Week 7
Class notes
Presidents Day
The agenda for Feb. 18, 2015:
With time shortened, I've decided to make a few alterations to the planned schedule.
- Will resume looking at machine-learning/data concepts next week, such as natural language processing with Python.
- The instructions for "Better Know a Former Congressmember with Grep" have yet to be finished though I will be significantly simplifying the assignment (including recording a screencast of one of the sections), because data-cleaning is such a pain-in-the-ass on its own and not within the full-scope of this class. So it has been reduced in value of points and amount of work, though I'll probably save it for another course.

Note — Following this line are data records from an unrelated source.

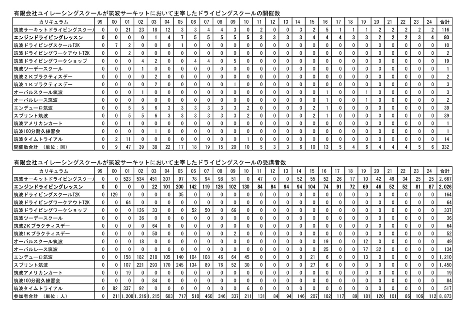 ユイレーシングスクールが筑波サーキットで主宰したドライビングスクール一覧
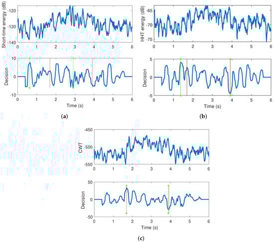 Figure 10 shows the extracted features and endpoint decision results obtained by the STE, HHT, and CWT methods. The red lines show the actual endpoint location, and the green star lines show the determined endpoint location. For the same phase data shown in Figure 9b, the CWT method can get the best endpoint decision result, while the short-time energy method cannot give the right endpoint location. It is worth noting that both HHT and CWT methods have applied the frequency-domain energy distribution, which effectively improves the detection accuracy.
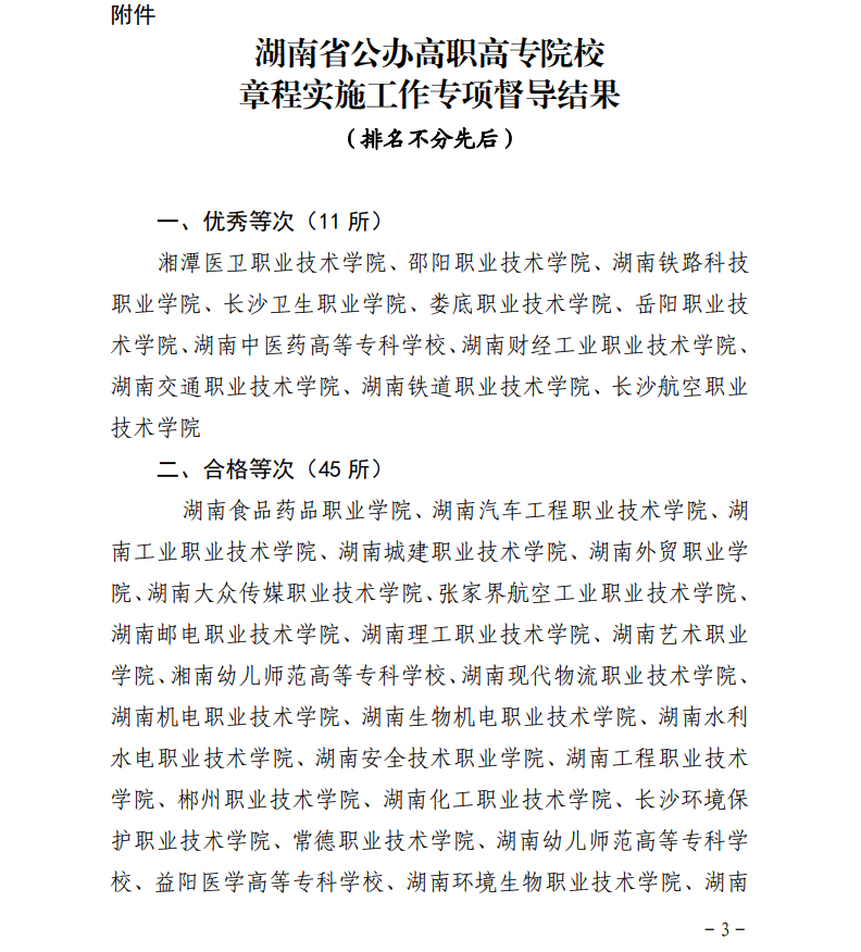 本次章程实施专项督导采取网上督导和现场督导相结合的方式,先后对全省56所公办高职高专的章程实施工作进行了专项督导,经专家分项打分、督导组集体评议、厅长办公会研究,报省政府领导审示,最终11所院校被评为优秀,45所院校被评为合格。本次督导结果还将纳入2021年度湖南省高校“双一流”建设经费分配因素。(刘艳)
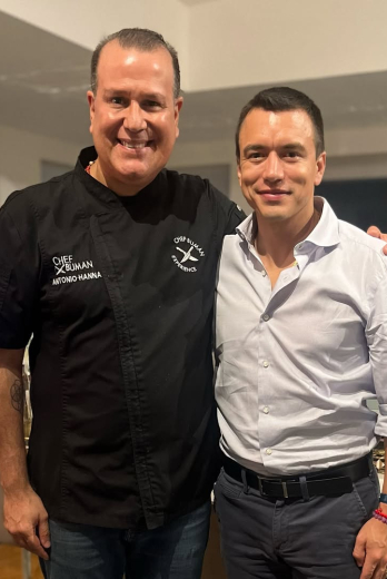 En su recorrido gastronómico, Antonio ha vivido experiencias inolvidables, como cuando cocinó para el presidente Daniel Noboa y su familia. “Pensé que era una broma. Me llamaron de Palacio y preparé un menú de seis tiempos, fue una experiencia lindísima”, recuerda orgulloso. Aunque no detalló los platos que degustaron, Hanna mencionó que Noboa ama los mariscos y le gusta el buen vino.
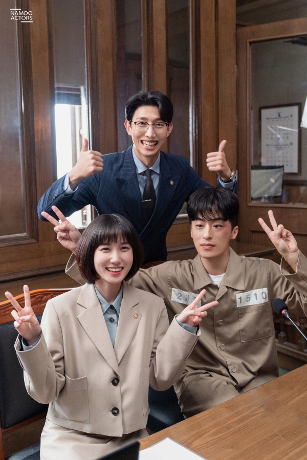 공개된 사진에는 구교환이 드라마 촬영 중 구치소에 수감된 모습과 법정에서 박은빈, 강기영 배우와 함께 브이를 만드는 모습이 담겼다.
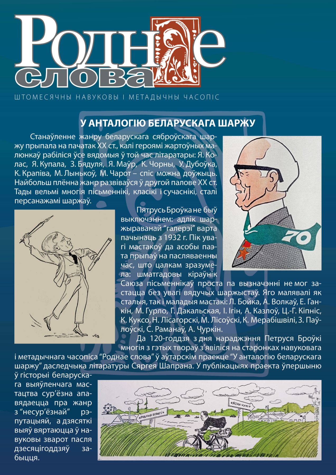 Гэта чарговы супольны праект часопіса “Роднае слова”, ажыццёўлены ў межах аўтарскага цыкла “У анталогію беларускага шаржу”. На гэты раз упершыню ў музейнай прасторы будзе прадстаўлена “галерэя” сяброўскіх шаржаў на Петруся Броўку, які ніколі не заставаўся без увагі вядучых мастакоў. Жартоўныя партрэты пісьменніка стваралі як вядомыя, так і маладыя аўтары, а самыя раннія выявы датуюцца 1930-мі гг.
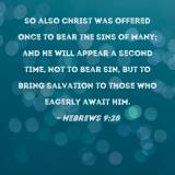 so also Christ was offered once to bear the sins of many; and He will appear a second time, not to bear sin, but to bring salvation to those who eagerly await Him.
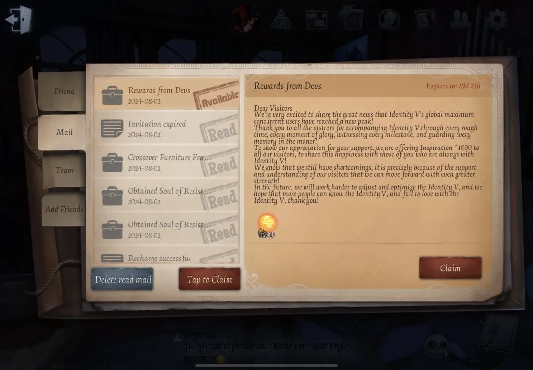 并且,官方在当天宣布,游戏全球同时在线人数创下新高,将送出1000灵感以答谢访客们的支持。
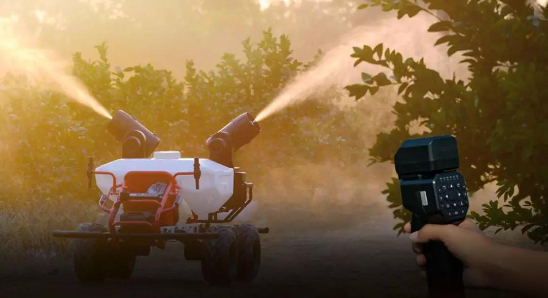 除了,与无人机空地配合进行防疫消杀外,R80农业无人车还具有拓展功能:可搭载气流喷雾机,对果林、大田进行高效精准的植保作业;卸掉药箱还可用于种药肥等农用物资与智能农机设备的配载运输;还可搭载极飞 XIoT 农业物联系统的智能硬件,进行智能巡田与农情监测,实现农田移动物联。

- To make up for this, I've created a new assignment: Collecting Dallas Officer-Involved Shootings. The data-domain is a little more straightforward, though it requires you to practice your API-fetching skills and will make you think about data-publishing for a bit.
- Keep thinking about your final project, the difficulty and scope of which can be similar to the Dallas-OIS homework.
I haven't begun to cover the scope of all the command-line tools that might be helpful to you for a final project. But here's a few:
- tesseract - extract and process text from an image (i.e. scanned documents)
- pdftotext - we've used this before, and this is necessary when data/information is published inside a PDF
- avconv - a huge number of tools and methods for working with videos, including combining, splitting, trimming, gififying, colorizing, etc.
- convert - a huge number of tools to work with images. If you split up a video into image files via
avconv
, then you can feed them into convert
. The montage
program I demonstrated is from the same family of tools.
- Check out the documentation for the t Twitter tool to see the different kinds of data you can easily collect.